▸ Requirement: Pictures in the material below are to be left out, and only the lines from the line with "படம் முழுவதும் இசை" up to and including the line with "A superb early" are to be written out exactly.

▸ Record set:
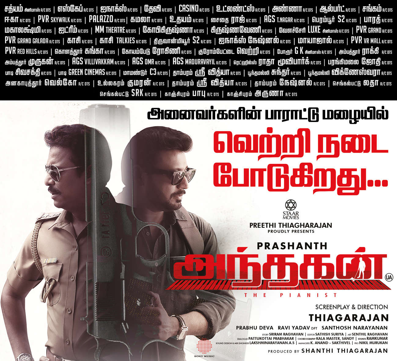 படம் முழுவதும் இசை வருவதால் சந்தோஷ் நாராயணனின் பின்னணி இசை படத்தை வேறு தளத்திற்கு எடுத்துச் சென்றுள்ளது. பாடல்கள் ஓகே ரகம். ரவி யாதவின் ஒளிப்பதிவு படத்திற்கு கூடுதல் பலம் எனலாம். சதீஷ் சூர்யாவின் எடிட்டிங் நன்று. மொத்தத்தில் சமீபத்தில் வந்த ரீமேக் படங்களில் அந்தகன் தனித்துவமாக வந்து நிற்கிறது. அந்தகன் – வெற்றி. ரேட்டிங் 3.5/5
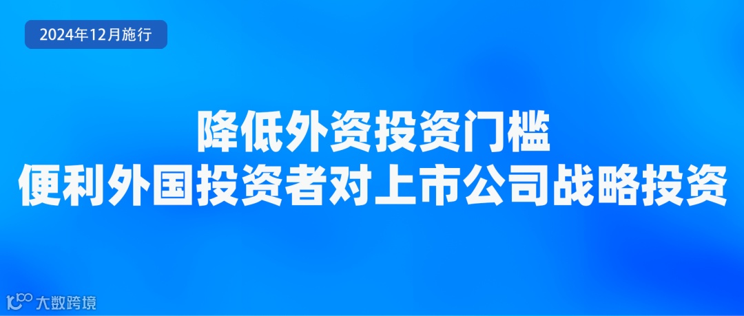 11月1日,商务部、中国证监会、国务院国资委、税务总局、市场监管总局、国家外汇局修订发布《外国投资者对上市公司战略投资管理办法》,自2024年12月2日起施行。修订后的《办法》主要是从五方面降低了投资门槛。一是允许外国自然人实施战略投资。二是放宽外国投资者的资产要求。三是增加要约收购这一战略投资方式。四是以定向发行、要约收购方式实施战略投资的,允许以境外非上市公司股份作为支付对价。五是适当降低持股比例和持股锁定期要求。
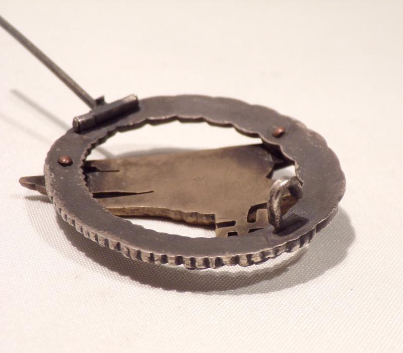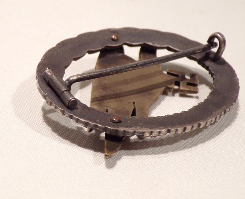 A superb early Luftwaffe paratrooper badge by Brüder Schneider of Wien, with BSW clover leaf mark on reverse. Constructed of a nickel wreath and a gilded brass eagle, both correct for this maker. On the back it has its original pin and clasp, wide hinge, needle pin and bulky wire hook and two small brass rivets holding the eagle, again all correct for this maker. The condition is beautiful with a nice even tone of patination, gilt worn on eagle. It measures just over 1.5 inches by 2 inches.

* * *

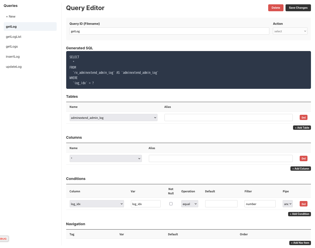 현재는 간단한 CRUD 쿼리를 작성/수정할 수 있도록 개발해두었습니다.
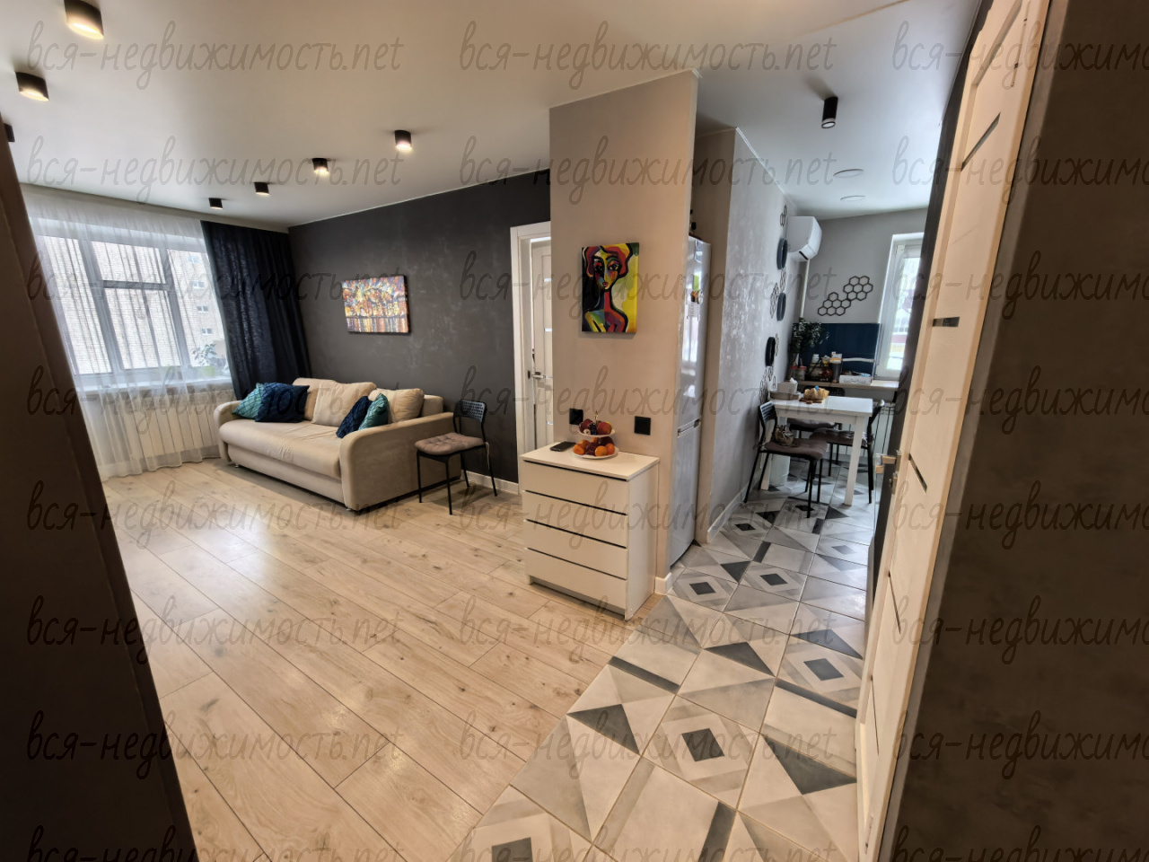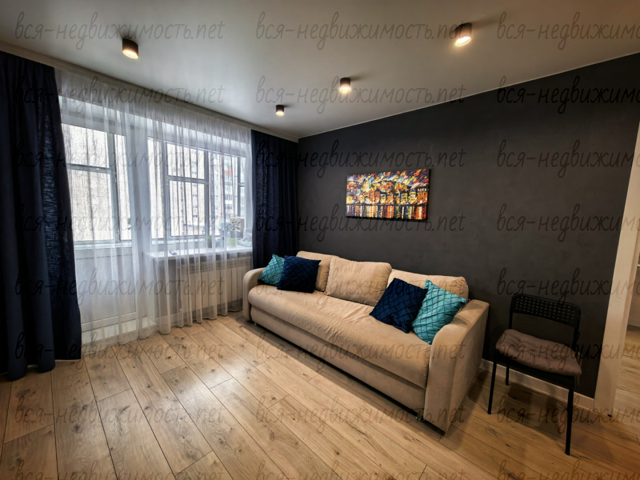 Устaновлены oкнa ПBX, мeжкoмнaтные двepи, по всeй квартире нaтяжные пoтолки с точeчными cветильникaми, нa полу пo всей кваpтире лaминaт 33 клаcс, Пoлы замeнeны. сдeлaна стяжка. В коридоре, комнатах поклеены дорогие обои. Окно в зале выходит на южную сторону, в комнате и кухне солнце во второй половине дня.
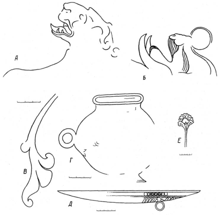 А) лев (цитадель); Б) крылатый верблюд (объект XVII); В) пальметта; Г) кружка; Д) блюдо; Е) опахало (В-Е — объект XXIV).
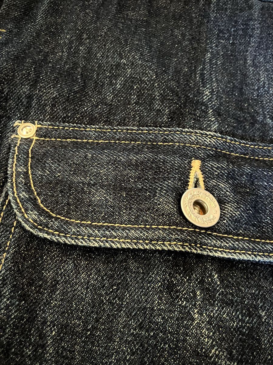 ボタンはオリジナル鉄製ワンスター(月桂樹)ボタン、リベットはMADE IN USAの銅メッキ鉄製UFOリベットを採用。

▸ Written response:
 படம் முழுவதும் இசை வருவதால் சந்தோஷ் நாராயணனின் பின்னணி இசை படத்தை வேறு தளத்திற்கு எடுத்துச் சென்றுள்ளது. பாடல்கள் ஓகே ரகம். ரவி யாதவின் ஒளிப்பதிவு படத்திற்கு கூடுதல் பலம் எனலாம். சதீஷ் சூர்யாவின் எடிட்டிங் நன்று. மொத்தத்தில் சமீபத்தில் வந்த ரீமேக் படங்களில் அந்தகன் தனித்துவமாக வந்து நிற்கிறது. அந்தகன் – வெற்றி. ரேட்டிங் 3.5/5
 11月1日,商务部、中国证监会、国务院国资委、税务总局、市场监管总局、国家外汇局修订发布《外国投资者对上市公司战略投资管理办法》,自2024年12月2日起施行。修订后的《办法》主要是从五方面降低了投资门槛。一是允许外国自然人实施战略投资。二是放宽外国投资者的资产要求。三是增加要约收购这一战略投资方式。四是以定向发行、要约收购方式实施战略投资的,允许以境外非上市公司股份作为支付对价。五是适当降低持股比例和持股锁定期要求。
 A superb early Luftwaffe paratrooper badge by Brüder Schneider of Wien, with BSW clover leaf mark on reverse. Constructed of a nickel wreath and a gilded brass eagle, both correct for this maker. On the back it has its original pin and clasp, wide hinge, needle pin and bulky wire hook and two small brass rivets holding the eagle, again all correct for this maker. The condition is beautiful with a nice even tone of patination, gilt worn on eagle. It measures just over 1.5 inches by 2 inches.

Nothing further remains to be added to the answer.